_Work to be completed_
Below are some records. Write out exactly their lines from the one with "ظهور نتائج الفرقة" through the one with "UTG OP3 Micro", and leave the pictures behind.

_Input data_
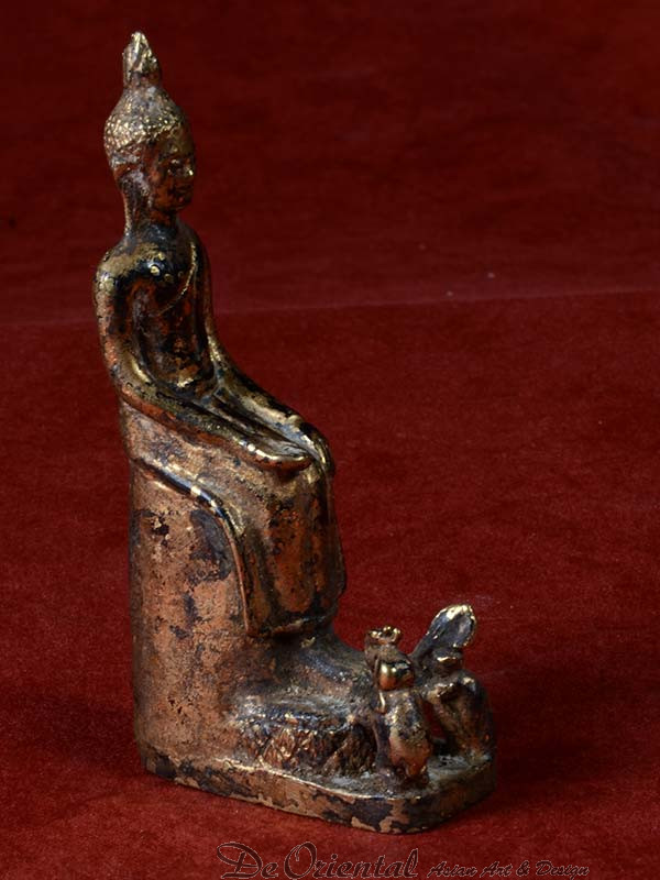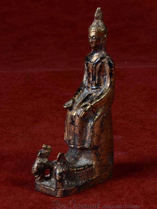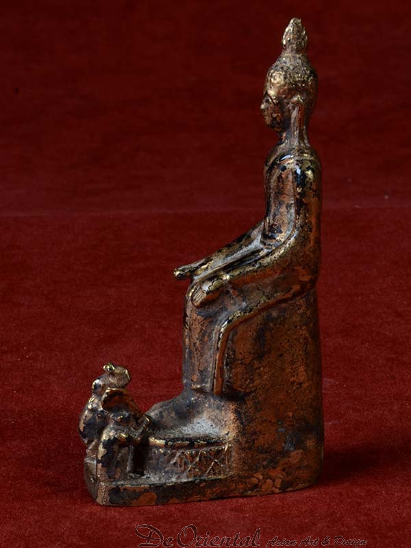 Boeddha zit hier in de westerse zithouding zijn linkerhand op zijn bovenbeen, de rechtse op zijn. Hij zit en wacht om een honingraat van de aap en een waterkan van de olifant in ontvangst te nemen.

---

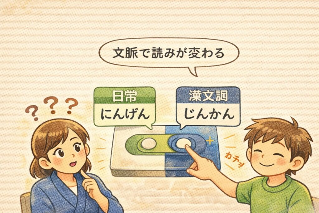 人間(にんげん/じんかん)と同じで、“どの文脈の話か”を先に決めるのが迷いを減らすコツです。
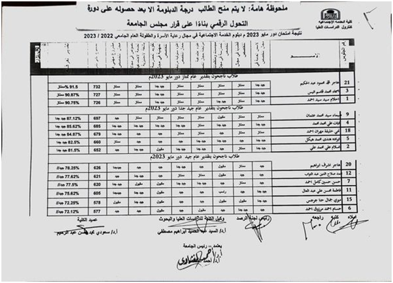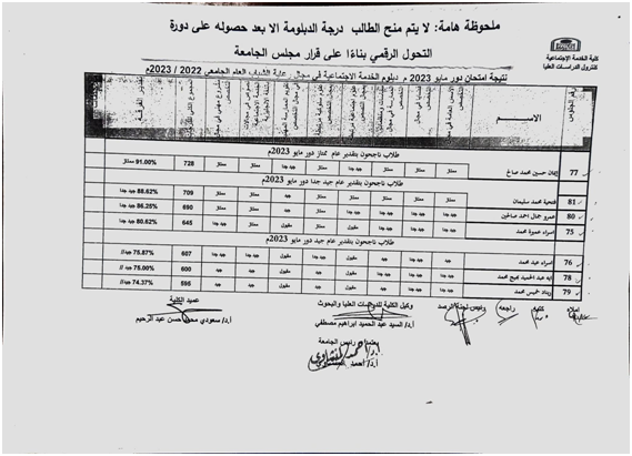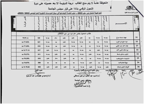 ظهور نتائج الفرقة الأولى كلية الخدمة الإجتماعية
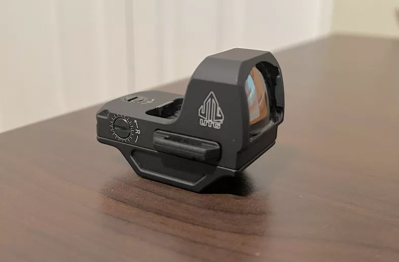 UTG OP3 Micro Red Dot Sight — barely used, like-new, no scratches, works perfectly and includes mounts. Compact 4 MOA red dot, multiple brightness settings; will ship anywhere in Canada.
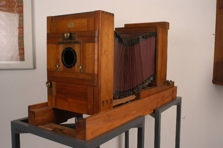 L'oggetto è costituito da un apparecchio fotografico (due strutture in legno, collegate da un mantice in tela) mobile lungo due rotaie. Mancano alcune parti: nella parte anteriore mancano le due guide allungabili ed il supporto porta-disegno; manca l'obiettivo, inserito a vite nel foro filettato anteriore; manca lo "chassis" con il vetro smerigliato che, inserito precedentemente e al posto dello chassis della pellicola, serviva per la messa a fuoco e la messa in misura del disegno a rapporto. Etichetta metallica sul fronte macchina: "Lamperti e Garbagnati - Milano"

_The answer_
 ظهور نتائج الفرقة الأولى كلية الخدمة الإجتماعية
 UTG OP3 Micro Red Dot Sight — barely used, like-new, no scratches, works perfectly and includes mounts. Compact 4 MOA red dot, multiple brightness settings; will ship anywhere in Canada.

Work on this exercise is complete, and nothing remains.